We called the person in charge of communication for the Water Basin Agency for Umm Al-Rabiee, we also sent a request for information through WhatsApp, and the agency’s official email. We also filed an official correspondence in the Agency’s control office, asking for clarifications on the issue.

Also, we made several visits to the Khénifra province municipality, and to the authority in charge of communication and relations with the media there, in addition to filing an urgent request for information at the quality control office. Ten days passed and we did not receive any response, so we re-filed an official request again.

We visited the regional agricultural office of Khénifra only to be directed to the head of the agricultural and water department in the directorate who did not have the information we were looking for. He asked us to go to the regional director whom we have not yet been able to meet, even though we went to the regional directorate three times. We communicated with the institution by email before we filed an official request for information at the quality control office of the regional directorate.

We have also submitted a request for information at the regional directorate of the Water Authority in Khnenifra, and we have sent a recorded letter to the Ministry of Agriculture, Fisheries, Rural Development, Water and Foresteries and we obtained a receipt that our letter has been delivered.

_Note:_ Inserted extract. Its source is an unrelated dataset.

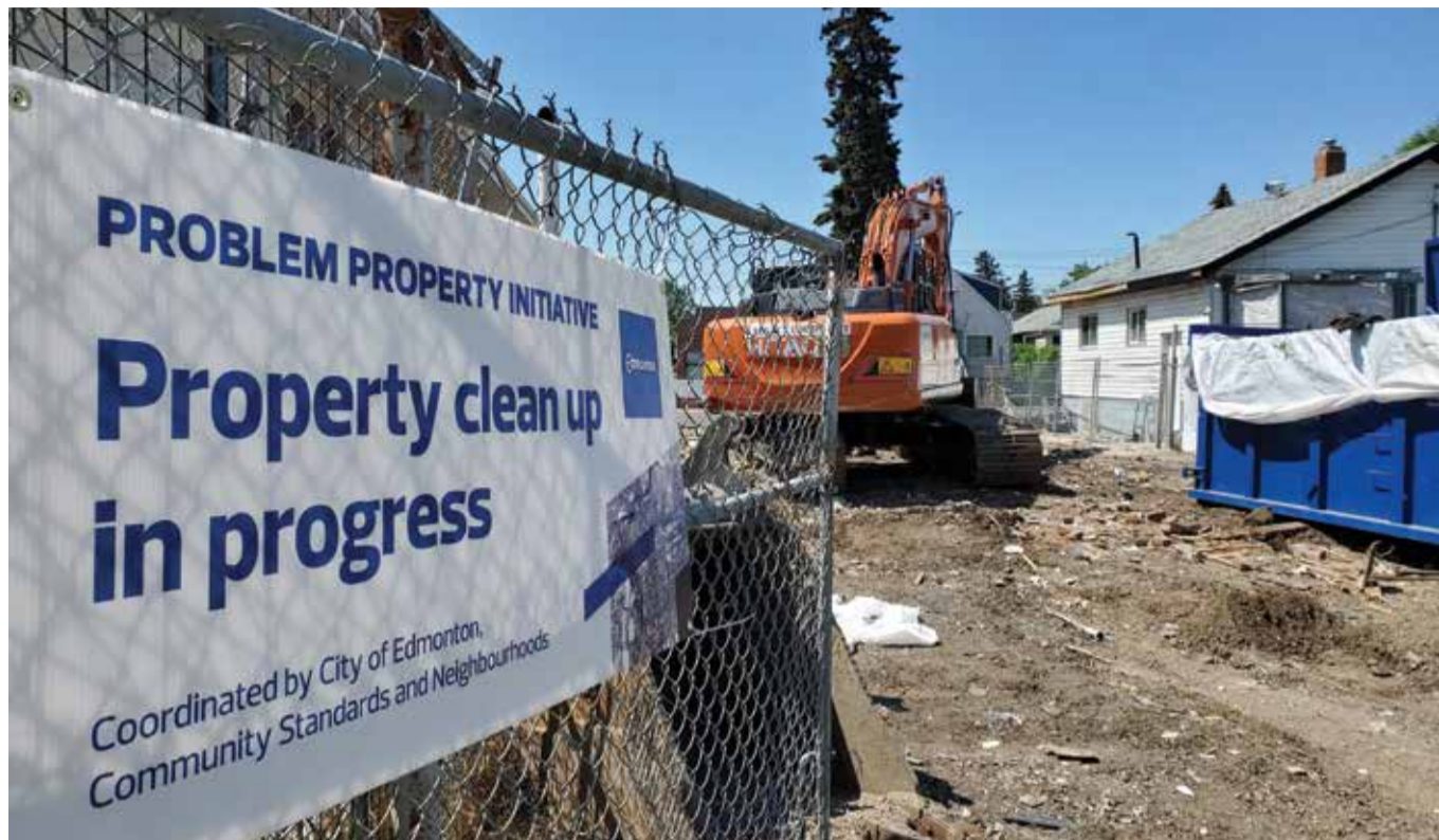
A derelict residential lot in the process of being cleared and remediated. Such sites are addressed by the Problem Property Initiative (PPI) to eliminate local safety hazards and help restore community well-being. City of Edmonton

The PPI is a coordinated City response, bringing together multiple teams focused on inspections, enforcement, and ordering property remediations and demolitions.

The numerous calls we have made to every possible relevant entity was part of our effort to exercise our right to obtain the information through all means like registered letters, emails and other smart phone apps, but all our efforts were fruitless until the date of publication of this investigation.

At the end, the complaint has been shelved.

On 26 July, the farmer Abdullah Mahti submitted a complaint against Mohammad Fikrawy to the King’s representative at the Court of First Instance in Khénifra for diverting the stream of Wadi Shbooka to water his farm and thus depriving the complainant of his right to obtain water for his personal and domestic use. He attached a CD to the complaint containing the videos of the hillside dam and the diverted water.

In an interview with us, Mahti explained that the purpose of filing the complaint was to obtain a legal ruling that carries the weight of preventing future violations of water management laws.